In response to:

The Jewish Terrorists from the September 24, 2015 issue

To the Editors:

While I enjoyed Assaf Sharon’s discussion of the utility and strategic consequences of Jewish terrorism during the Mandate era [NYR, September 24], I found his eagerness to connect the poet-provocateurs of the “Band of Thugs” with today’s right-wing terrorists less than convincing, and a bit mystifying.

As Sharon himself has noted elsewhere, the Jewish terrorists of today are largely religious, drawing inspiration from rabbinic authorities including the late Meir Kahane. They share little ideologically with the early (secular) Revisionists except for an idealized conception of the borders of the Jewish state.

The “Band of Thugs” took their cues, political and aesthetic, from European high modernism. While Abba Ahimeir’s poetry does contain a measure of “romanticized violence,” his work, but especially that of Uri Zvi Greenberg (and their friend and fellow Revisionist Yonatan Ratosh), is closer in its style, aim, and “violence” to the secular avant-gardism of the Italian Futurists than to the atavistic, biblically inspired radical settlers.

This is not merely an aesthetic difference. The modernism of the Revisionists found diverse followers, including the Canaanites, who, in addition to experiments in verse and the plastic arts, preached a sort of pre-Jewish identity as the solution to political coexistence, and even boasted of some Arab adherents. Some of these modernists drifted left, and some further right, but this is a far cry from the religious ideology of ethnic supremacy current in the settler movement, whose sources must be sought in study halls and yeshivas rather than in the history books. In today’s Likud, it is the Kahanist tail that wags the Revisionist dog.

Jacob Abolafia
Cambridge, Massachussetts

Assaf Sharon replies:

Jacob Abolafia raises an important question: Is the relation between contemporary Jewish extremists and early maximalist Revisionists one of mere similarity or is it also influence? It is true that the Thugs and Uri Zvi Greenberg influenced the secular Canaanites, among various other groups, but this does not diminish their influence over the settler movement and Israel’s extreme right. It is also true that contemporary Jewish extremists often accept rabbinic teachings; but this does not entail that they “share little…with the early…Revisionists.”

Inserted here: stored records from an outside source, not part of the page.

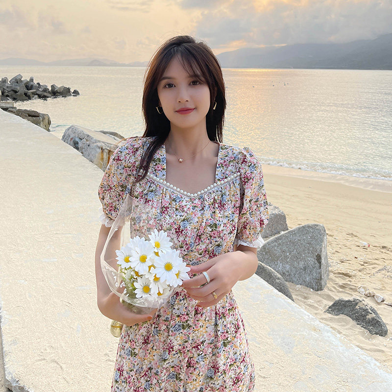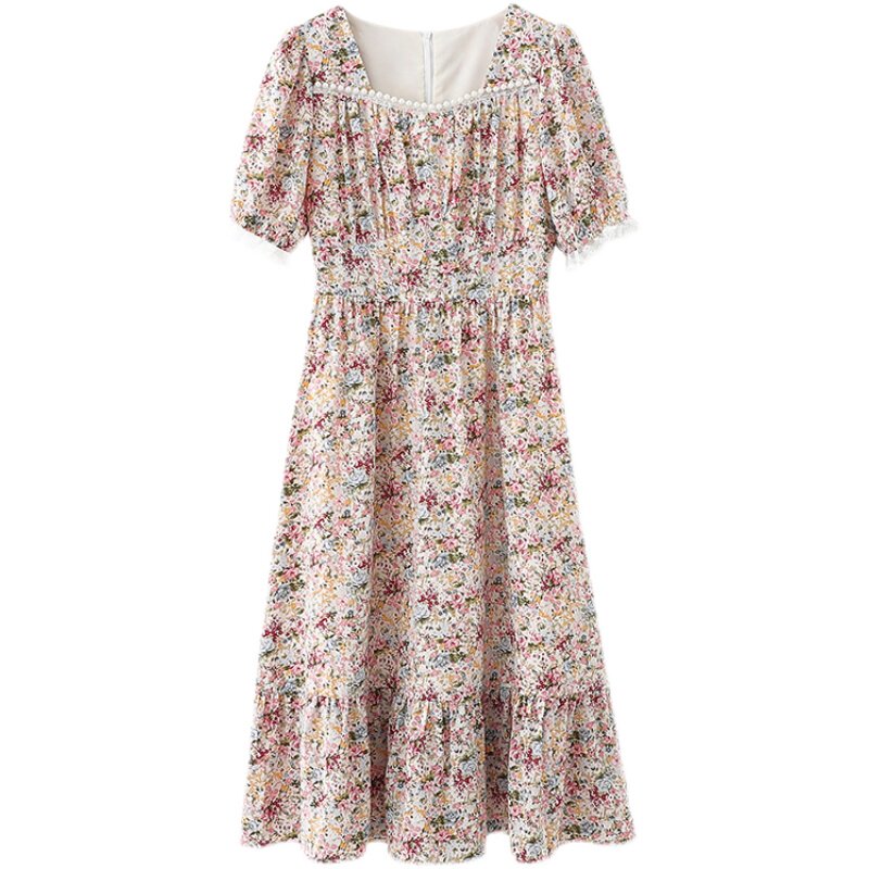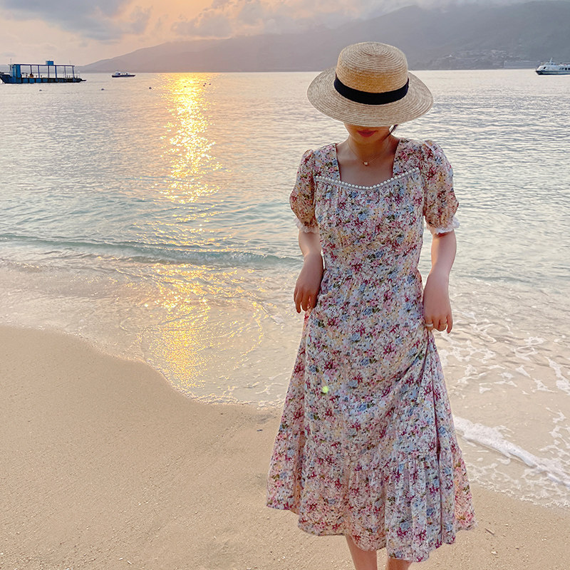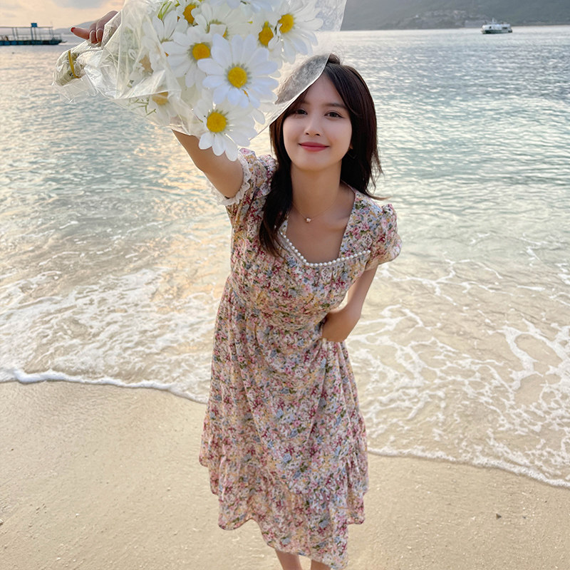 Large size women's clothing in the summer of 2021 the new fat sister covers the belly to show thin temperament age reduction floral pearl dress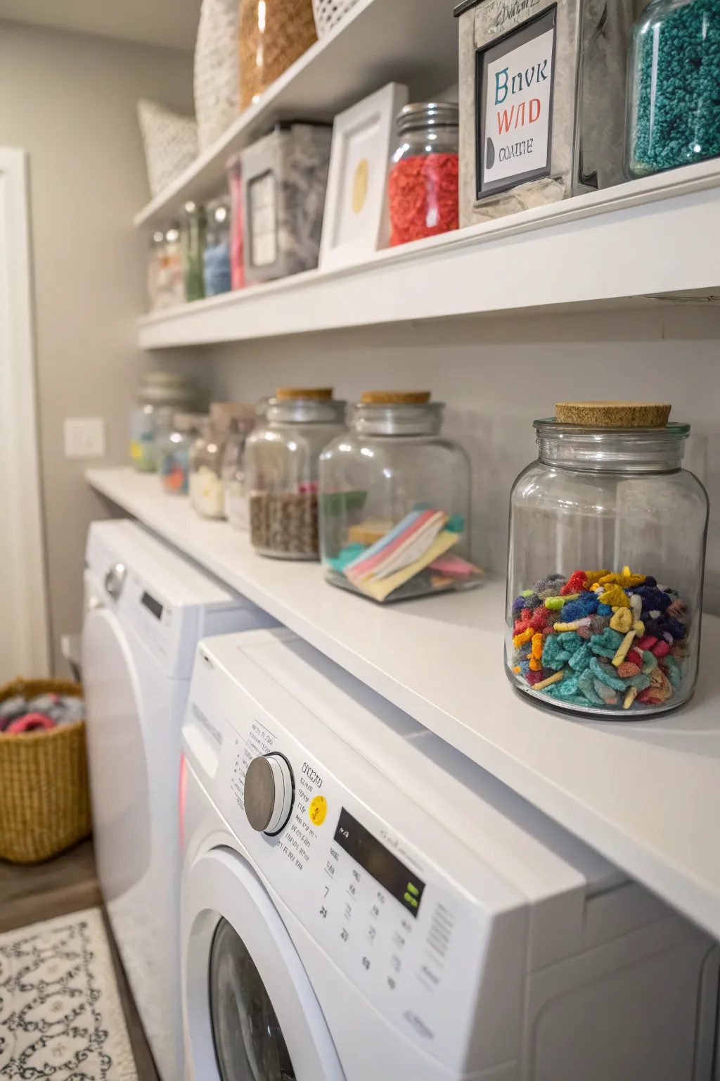 - Glass Stash Vessels with Caps: Organize your laundry essentials beautifully with these chic glass jars. Keep supplies close!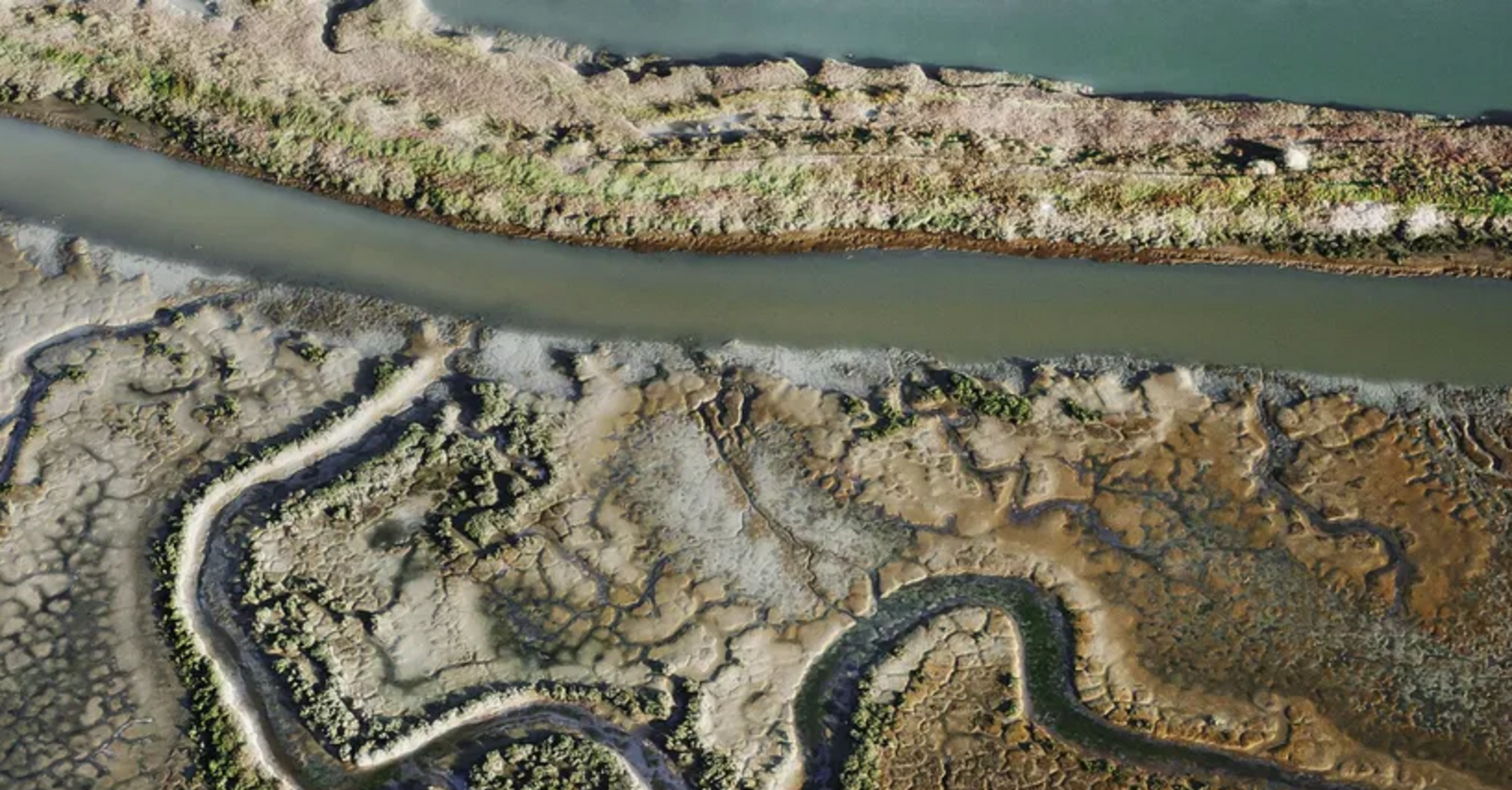 "Візуально це було вражаюче", — каже вона. І в той момент вона вирішила простежити за відновленням затоки протягом тривалого періоду. Почала з того, що раз на рік піднімалася в повітря, щоб сфотографувати соляні ставки. Потім прийшов Covid-19, і не змогла вилетіти, вона почала експериментувати зі зйомкою з рівня землі і навіть під водою.

Avraham Stern and Greenberg were thoroughly messianic, infusing traditional Jewish themes and symbols with nationalist revolutionary content. It was precisely this atavistic nationalism that made their brand of Zionism attractive to the religious right. Here is an example that demonstrates this influence: Shabtai Ben-Dov was a member of the Irgun and then of Lehi. An avid reader of Greenberg, he called for the imposition of a Jewish theocracy and the erection of the Third Temple. His voluminous messianic diatribe was recently published posthumously by Yehuda Etzion, a member of the settler underground who planned to bomb the Dome of the Rock.

No less significant than this terrorist connection is the influence of maximalist ideas on Israel’s more established right. While early Zionist leaders of both camps aspired to a modern Western democracy and recognized the necessity of gaining the support of world powers, today’s Likud is dominated by Jewish supremacists and supporters of the Temple movement. Its diplomatic approach is generally belligerent, its rhetoric expresses venomous antiliberalism, and its tactics rely on unabashed McCarthyism. This is the lamentable, though undeniable, legacy of revisionist maximalism.